Collected data
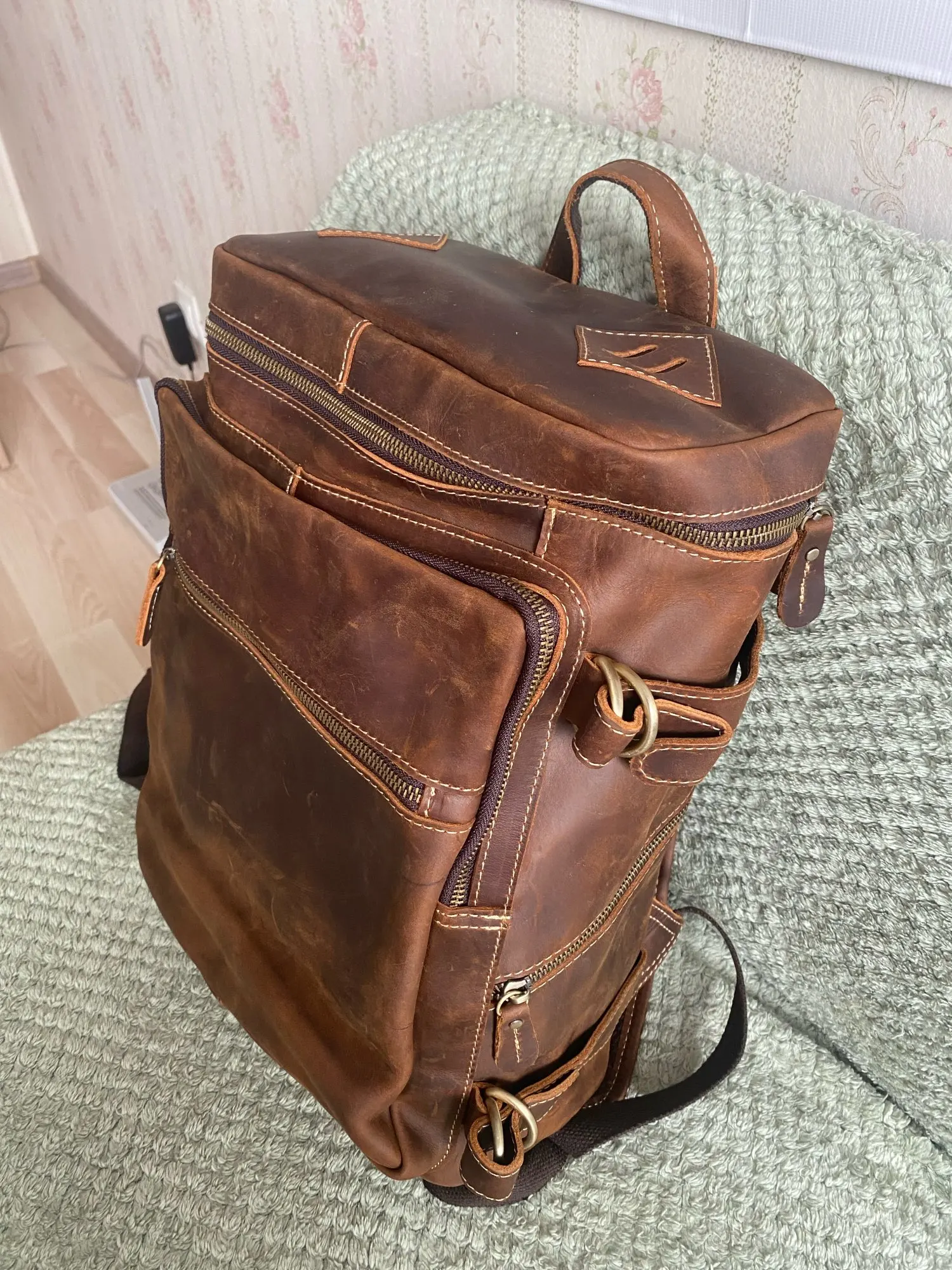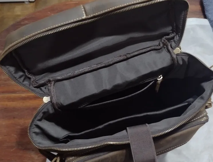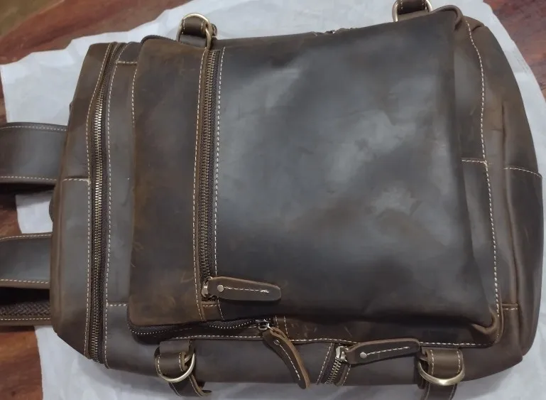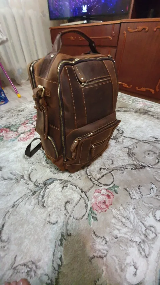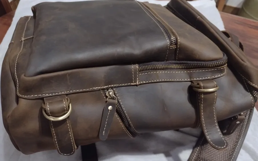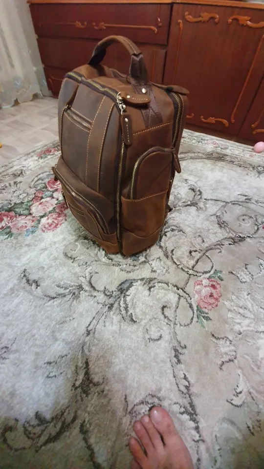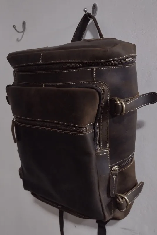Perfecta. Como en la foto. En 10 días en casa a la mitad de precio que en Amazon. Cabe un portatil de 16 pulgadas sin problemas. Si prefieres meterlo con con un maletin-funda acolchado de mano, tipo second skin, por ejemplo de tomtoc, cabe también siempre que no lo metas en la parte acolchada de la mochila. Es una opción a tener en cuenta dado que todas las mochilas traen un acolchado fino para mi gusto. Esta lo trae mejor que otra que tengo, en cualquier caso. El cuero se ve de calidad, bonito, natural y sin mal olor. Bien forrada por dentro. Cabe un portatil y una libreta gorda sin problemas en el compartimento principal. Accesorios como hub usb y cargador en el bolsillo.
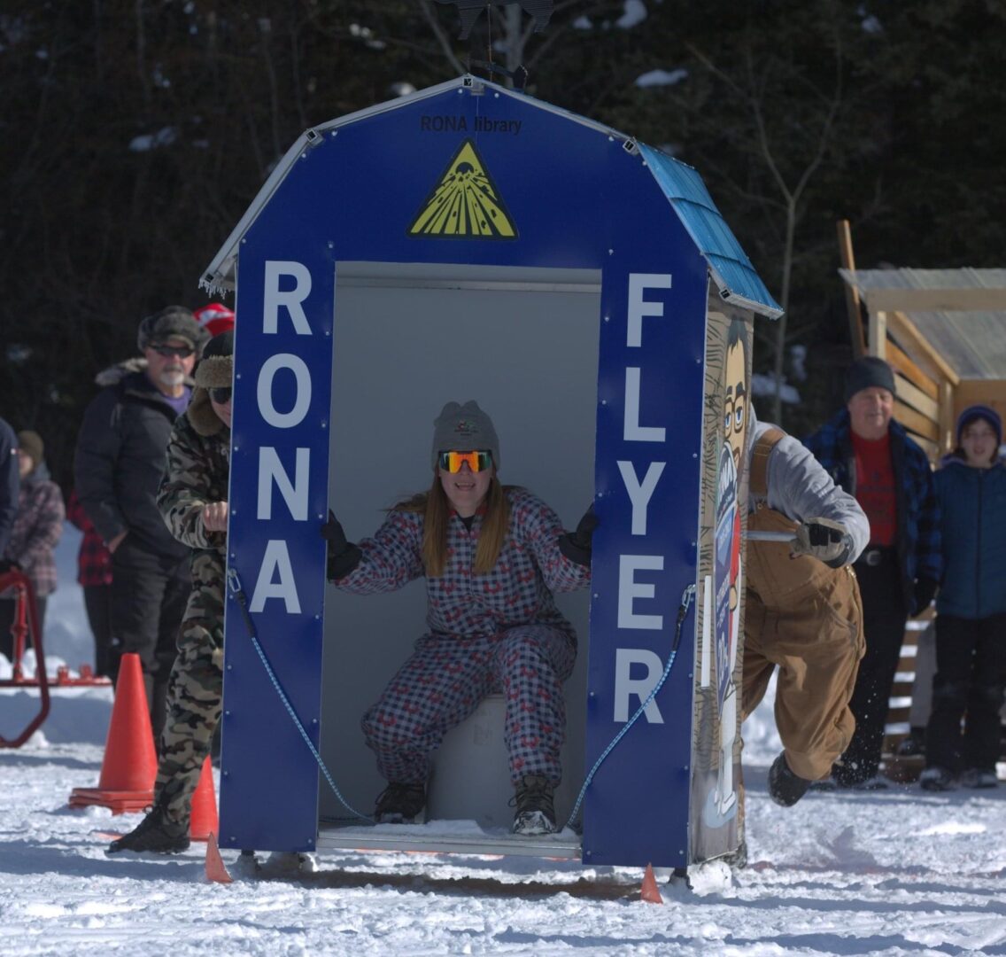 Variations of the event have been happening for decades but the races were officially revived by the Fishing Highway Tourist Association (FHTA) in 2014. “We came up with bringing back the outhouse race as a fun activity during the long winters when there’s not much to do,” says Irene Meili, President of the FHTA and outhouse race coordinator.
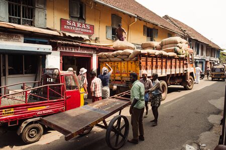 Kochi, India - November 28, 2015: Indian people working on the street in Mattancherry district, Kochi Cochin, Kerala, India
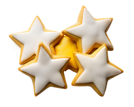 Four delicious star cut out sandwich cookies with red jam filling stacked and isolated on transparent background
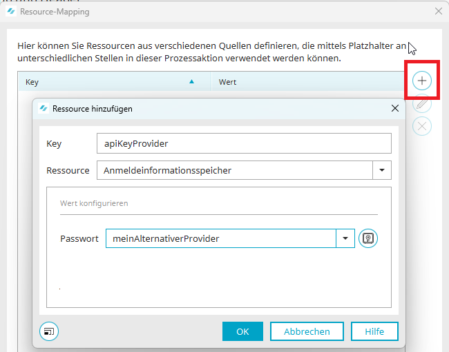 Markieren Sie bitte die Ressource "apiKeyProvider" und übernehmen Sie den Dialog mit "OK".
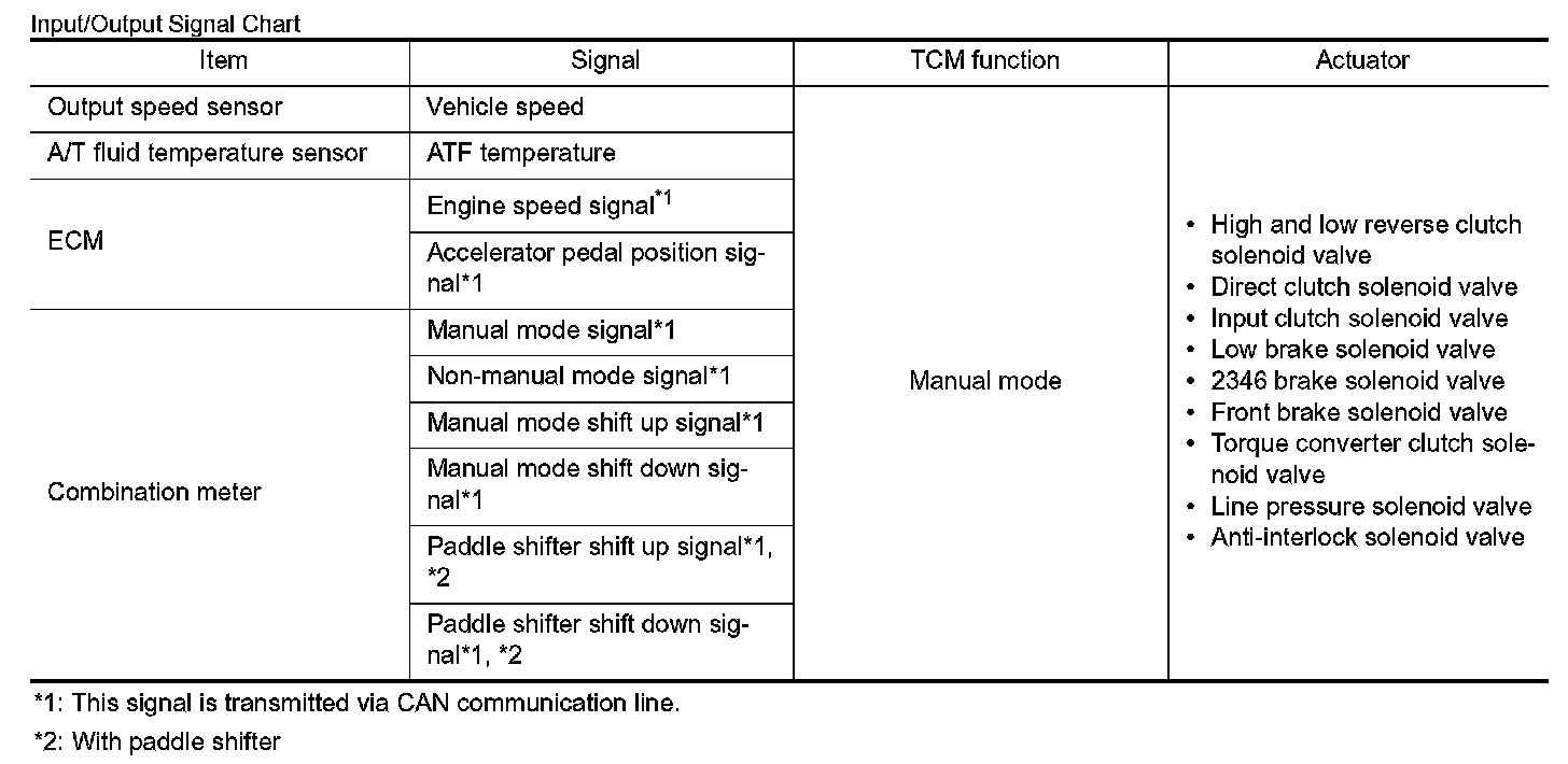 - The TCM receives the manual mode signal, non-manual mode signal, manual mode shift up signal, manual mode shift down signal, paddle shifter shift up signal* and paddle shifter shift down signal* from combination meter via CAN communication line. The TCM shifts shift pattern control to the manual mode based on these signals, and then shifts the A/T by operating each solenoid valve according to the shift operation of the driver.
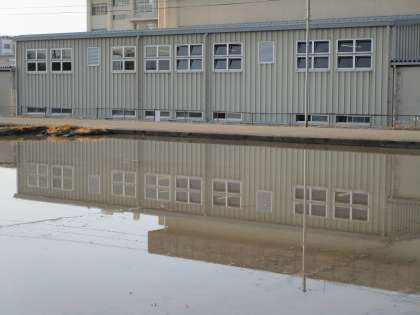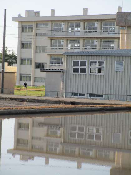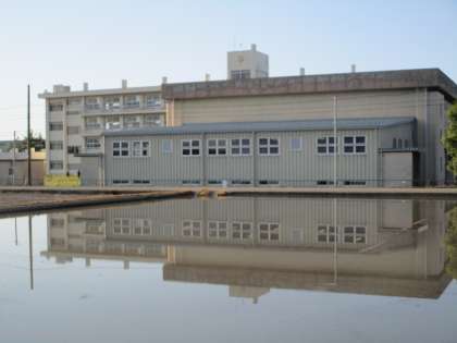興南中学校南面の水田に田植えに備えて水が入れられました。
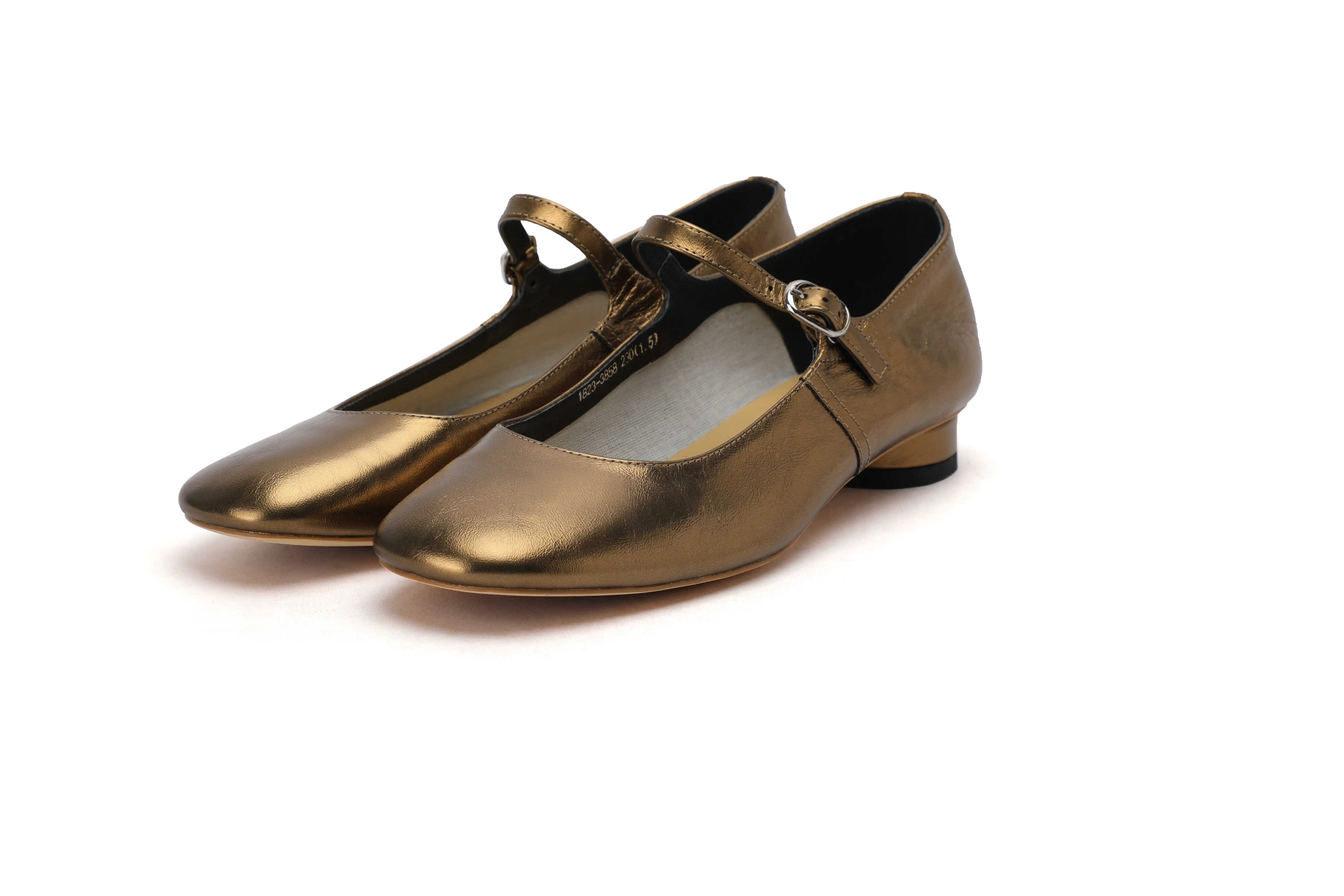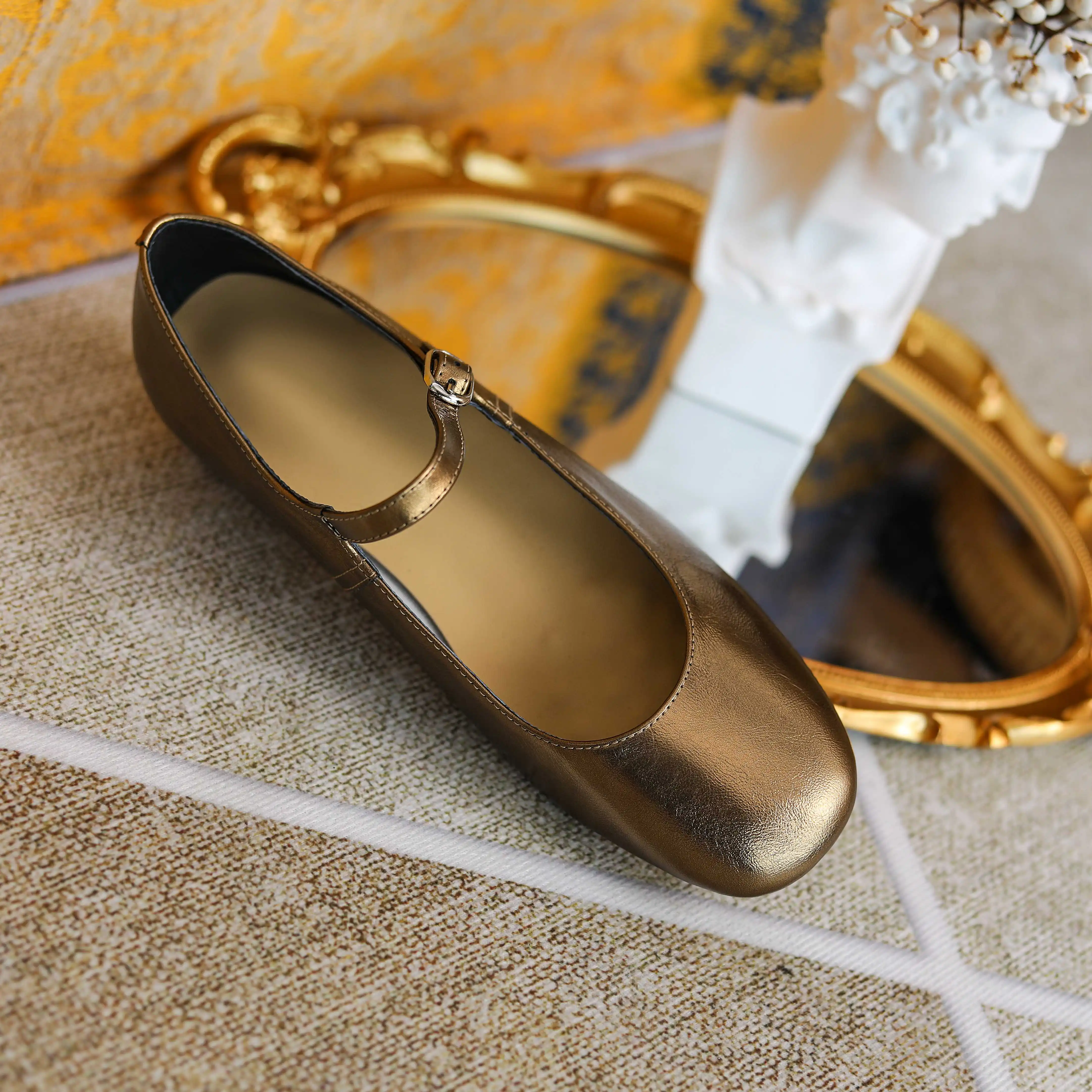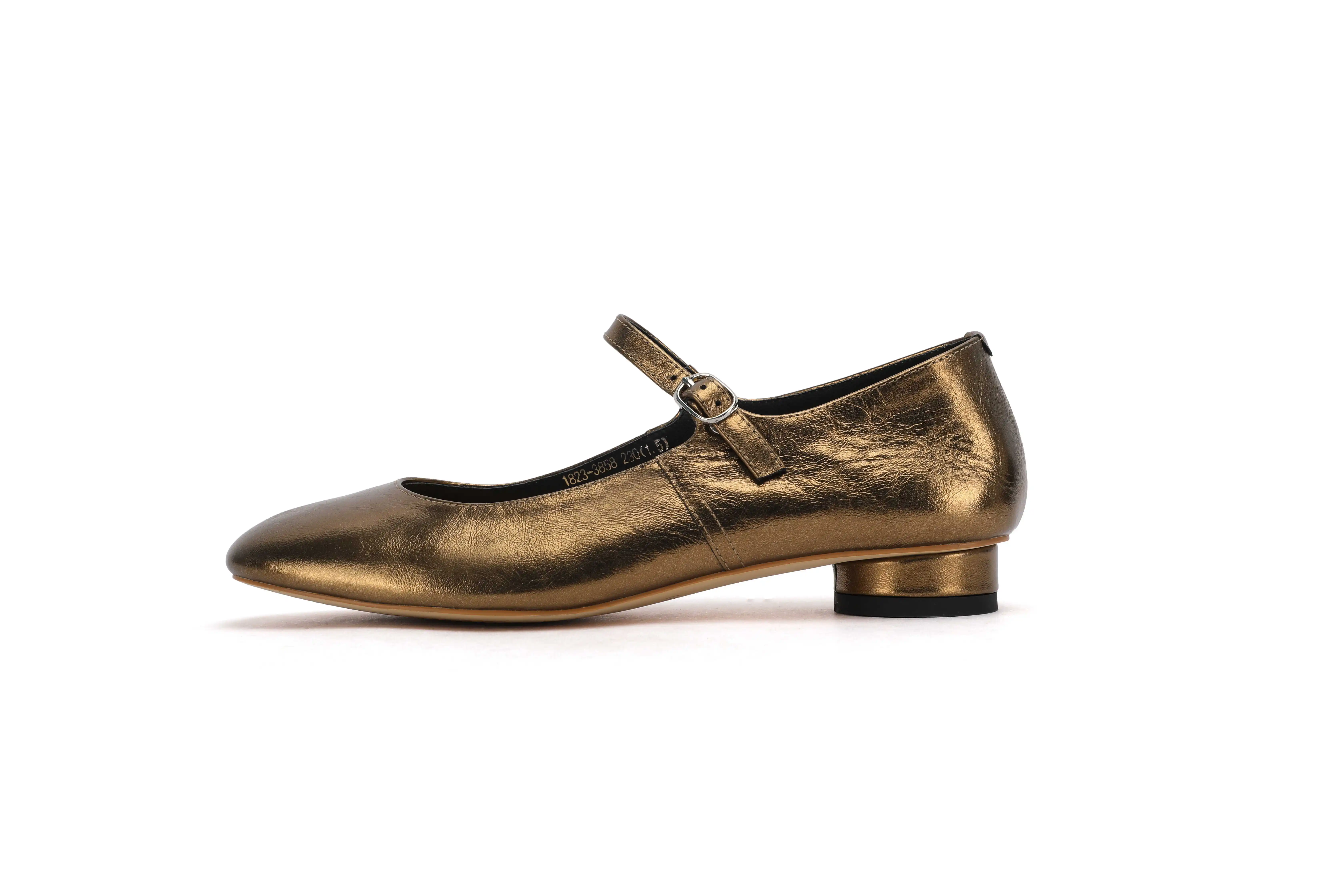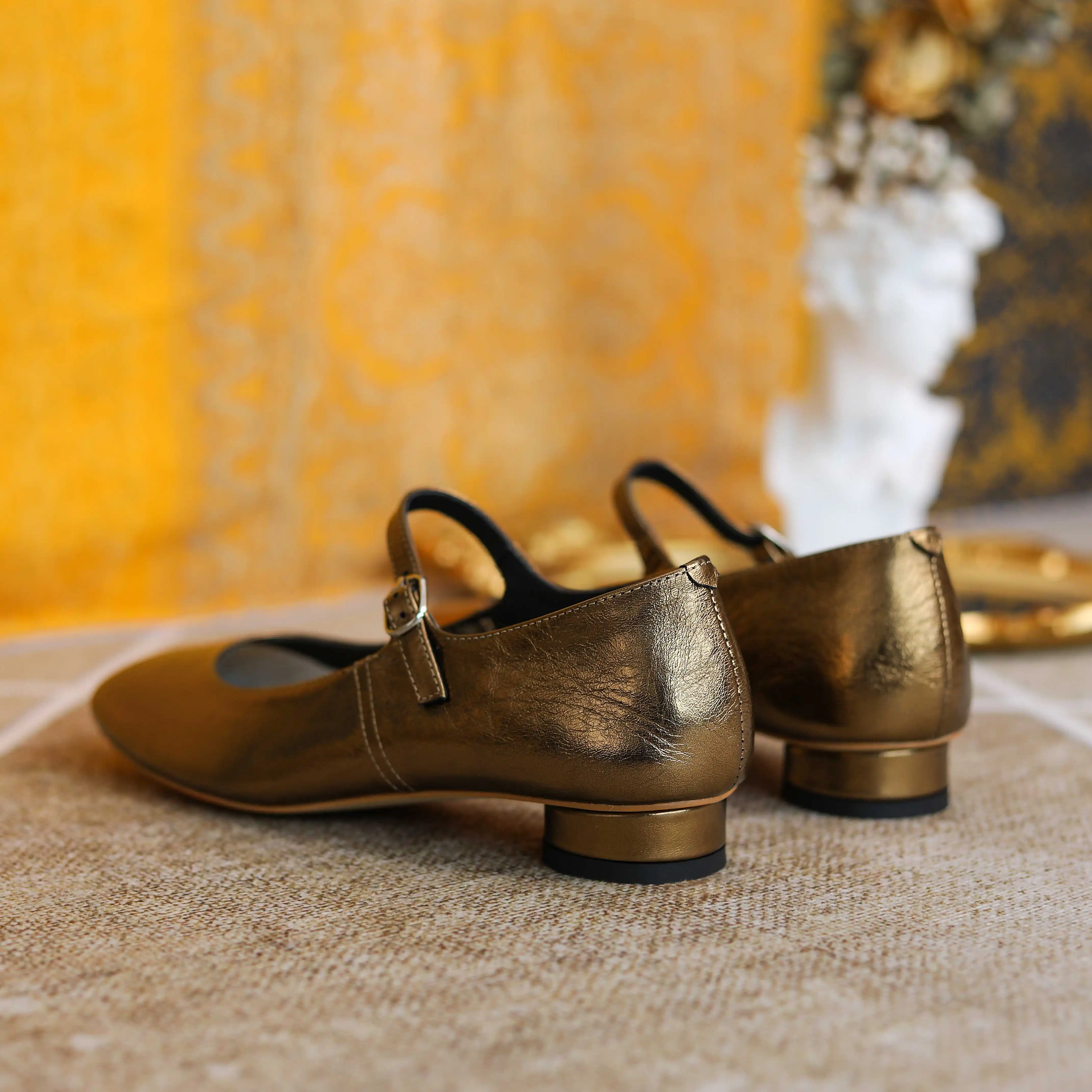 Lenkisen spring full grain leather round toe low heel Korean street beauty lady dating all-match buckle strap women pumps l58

Action item:
No pictures should appear in the copy, which holds exactly the lines from the first line of the data through the line with "Markieren Sie bitte" and nothing else.

Answer to the exercise:
Perfecta. Como en la foto. En 10 días en casa a la mitad de precio que en Amazon. Cabe un portatil de 16 pulgadas sin problemas. Si prefieres meterlo con con un maletin-funda acolchado de mano, tipo second skin, por ejemplo de tomtoc, cabe también siempre que no lo metas en la parte acolchada de la mochila. Es una opción a tener en cuenta dado que todas las mochilas traen un acolchado fino para mi gusto. Esta lo trae mejor que otra que tengo, en cualquier caso. El cuero se ve de calidad, bonito, natural y sin mal olor. Bien forrada por dentro. Cabe un portatil y una libreta gorda sin problemas en el compartimento principal. Accesorios como hub usb y cargador en el bolsillo.
 Variations of the event have been happening for decades but the races were officially revived by the Fishing Highway Tourist Association (FHTA) in 2014. “We came up with bringing back the outhouse race as a fun activity during the long winters when there’s not much to do,” says Irene Meili, President of the FHTA and outhouse race coordinator.
 Kochi, India - November 28, 2015: Indian people working on the street in Mattancherry district, Kochi Cochin, Kerala, India
 Four delicious star cut out sandwich cookies with red jam filling stacked and isolated on transparent background
 Markieren Sie bitte die Ressource "apiKeyProvider" und übernehmen Sie den Dialog mit "OK".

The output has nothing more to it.